EXERCISE PROMPT -> Pictures appear among the records below and must be omitted. Repeat exactly the lines from the line with "Hand-Blown Recycled Glass" to the line with "This package includes", both included.

PROVIDED MATERIAL ->
------------------------------------------------------------
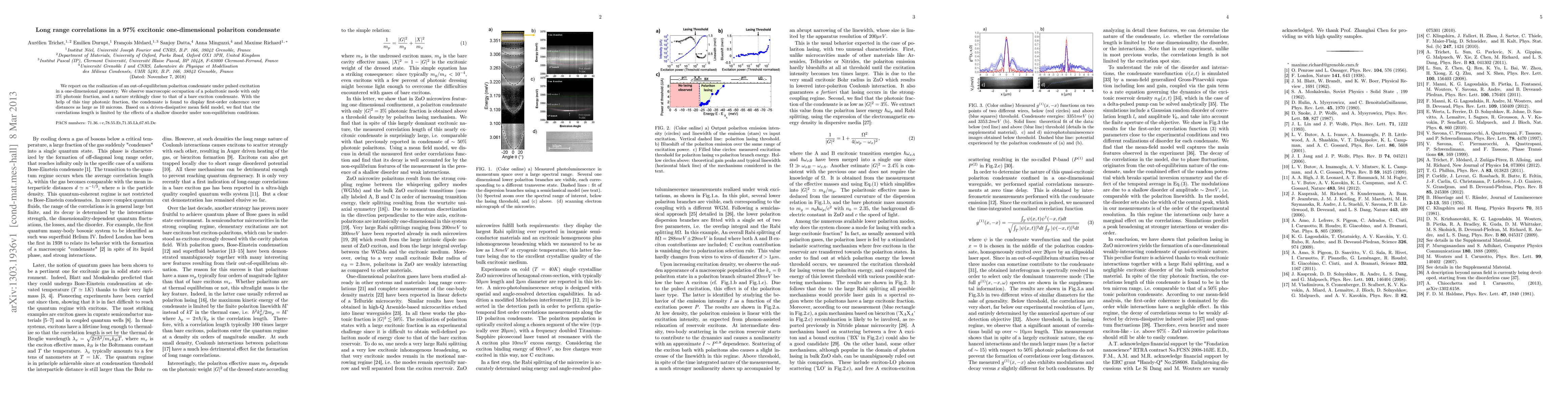 This paper reports on the creation of a one-dimensional polariton condensate with minimal photonic content, exhibiting first-order coherence over 10 microns. The study reveals long-range correlations limited by shallow disorder in the non-equilibrium system, modeled through a driven-dissipative mean field approach.
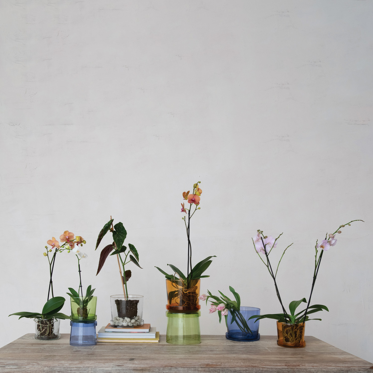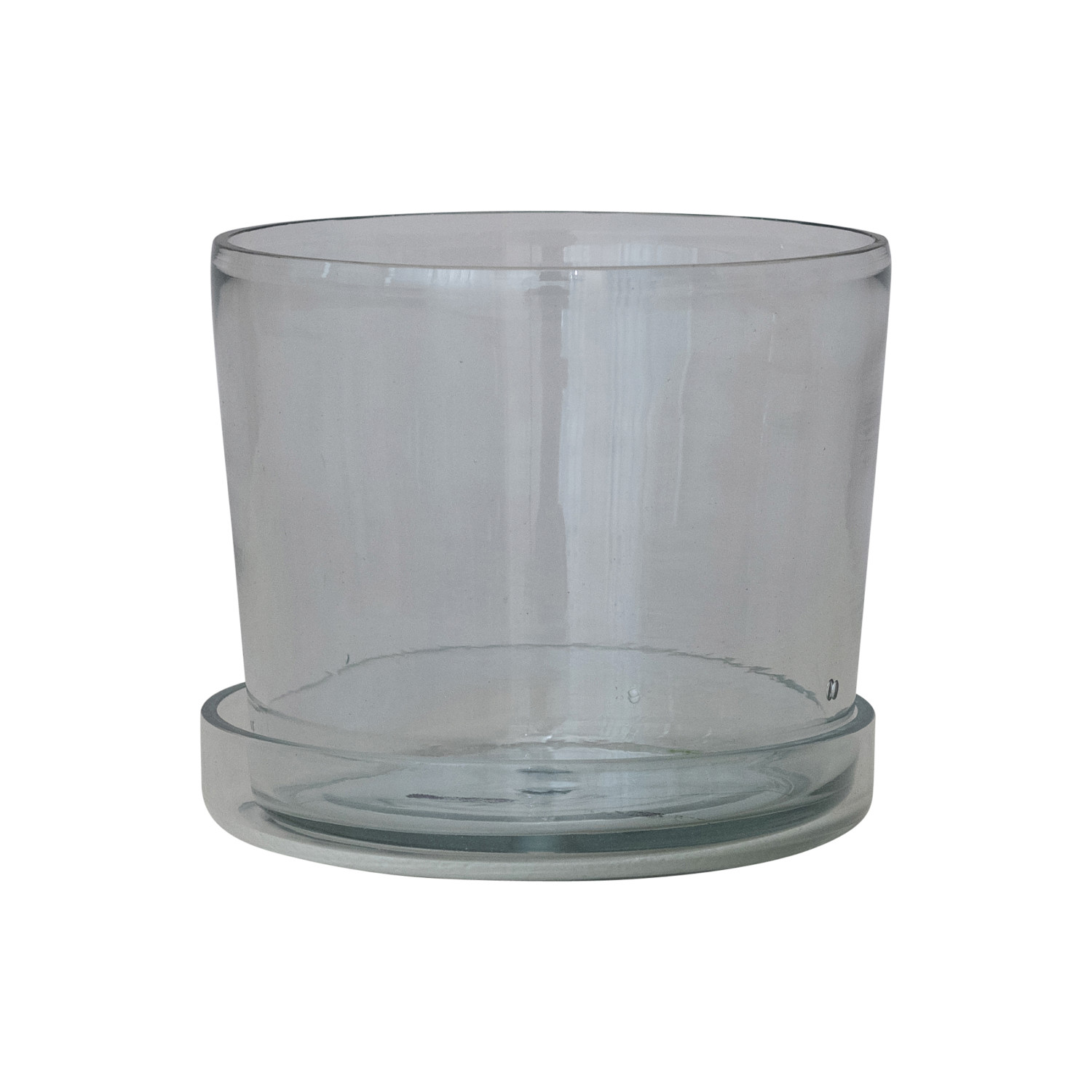 Hand-Blown Recycled Glass Planter w/ Drainage Hole & Saucer, Set of 2 (Holds 5" Pot)
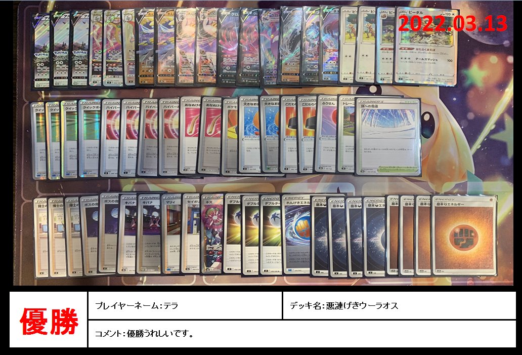 - れんげきウーラオスVMAX/アルセウスVSTAR/ビーダル/エンペルトVデッキ(シティ福岡:優勝)
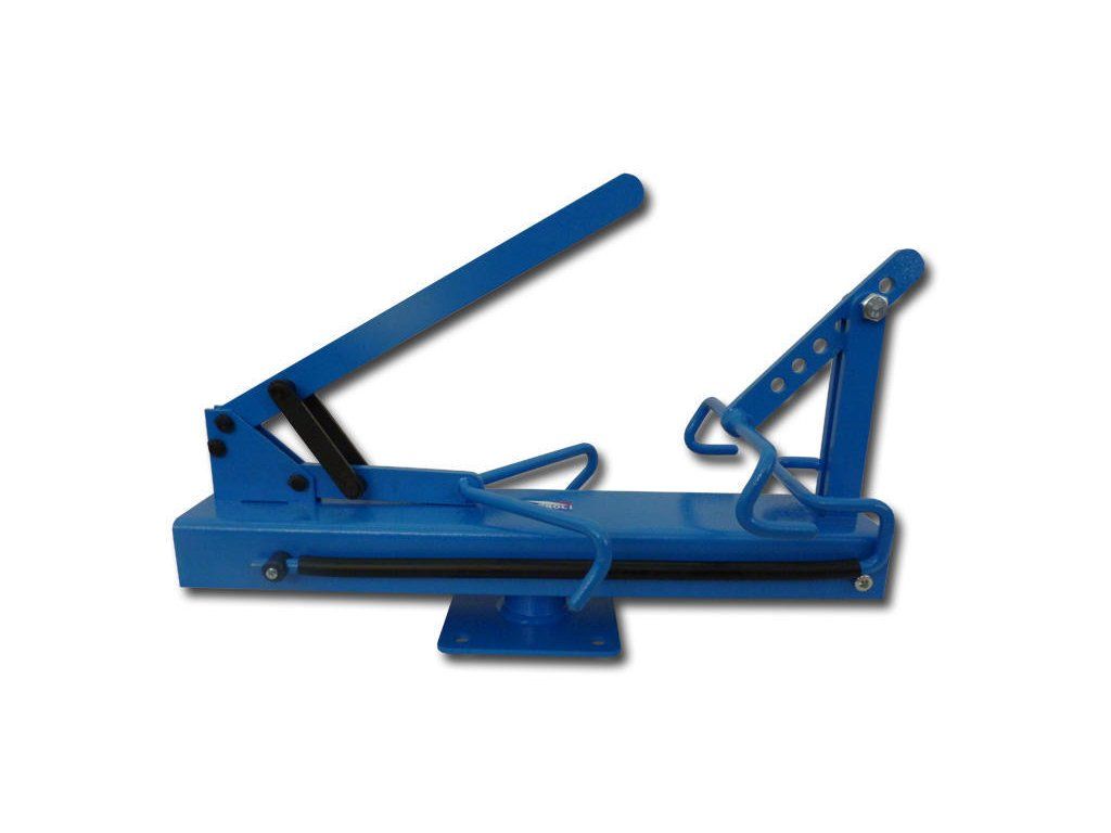 Přípravek pro vybrušování plášťů a duší při opravě defektů. Pevná kovová konstrukce s plochou připravenou ke připevnění na stůl apod.
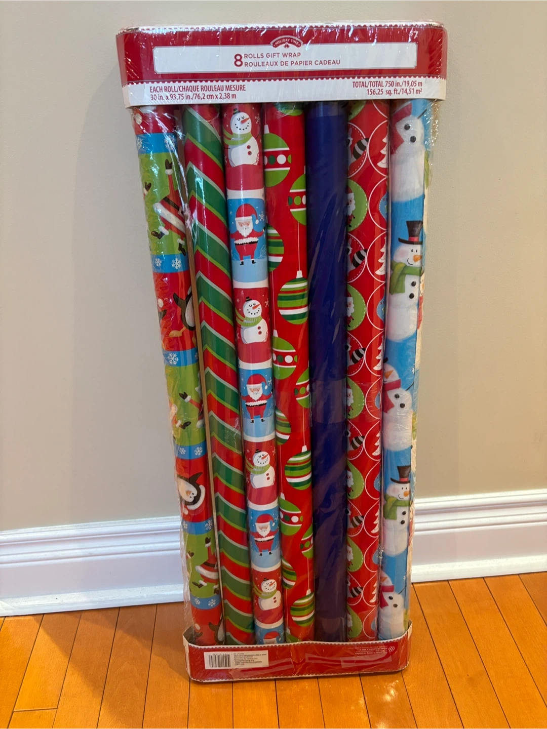 This package includes 8 rolls of holiday gift wrap. New and unopened. Each roll measures 30 in. x 93.75 in. The total is 750 sq. ft. of wrapping paper.
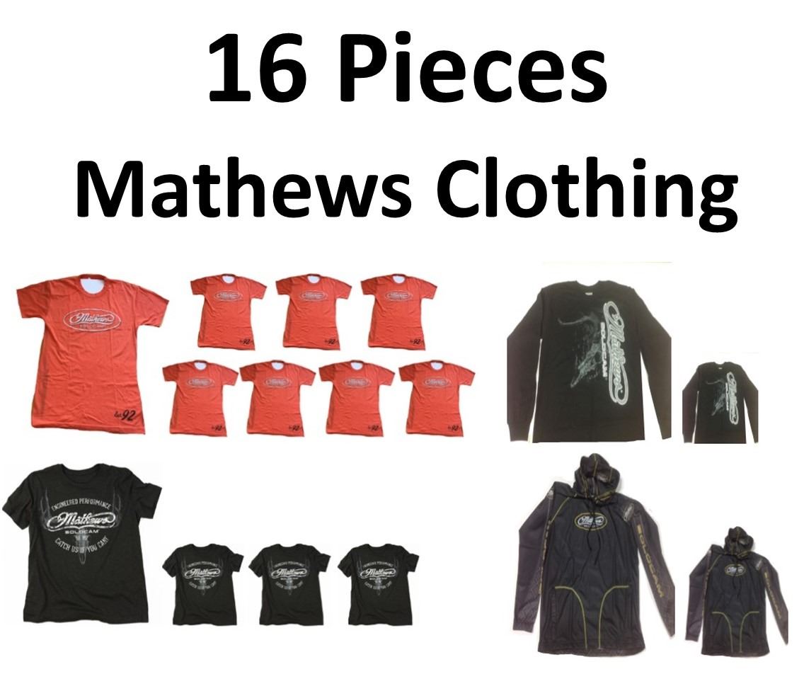 16 x Mathews Clothing, 8 x Blaze Orange 1-2XL, 4-XL, 3-L, 2 x LS Black/Grey, 1-L, 1-XL, 4 x Outfitter, 1-M, 1-L, 1-XL, 1-2XL, 2 x Performance Hoodie, 1-L, 1-XL
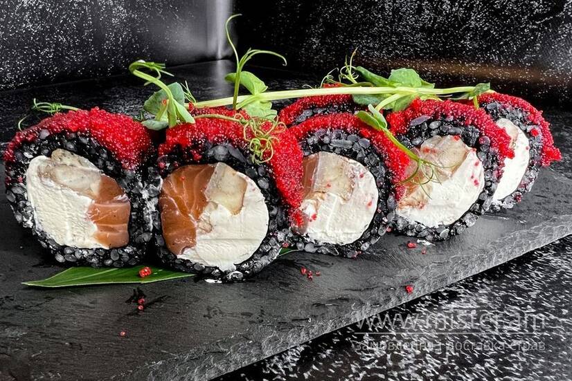 Рис, норі, сир Філадельфія, ікра масаго, чорнила каракатиці, лосось свіжий, вугор.
------------------------------------------------------------
WRITTEN SOLUTION ->
 Hand-Blown Recycled Glass Planter w/ Drainage Hole & Saucer, Set of 2 (Holds 5" Pot)
 - れんげきウーラオスVMAX/アルセウスVSTAR/ビーダル/エンペルトVデッキ(シティ福岡:優勝)
 Přípravek pro vybrušování plášťů a duší při opravě defektů. Pevná kovová konstrukce s plochou připravenou ke připevnění na stůl apod.
 This package includes 8 rolls of holiday gift wrap. New and unopened. Each roll measures 30 in. x 93.75 in. The total is 750 sq. ft. of wrapping paper.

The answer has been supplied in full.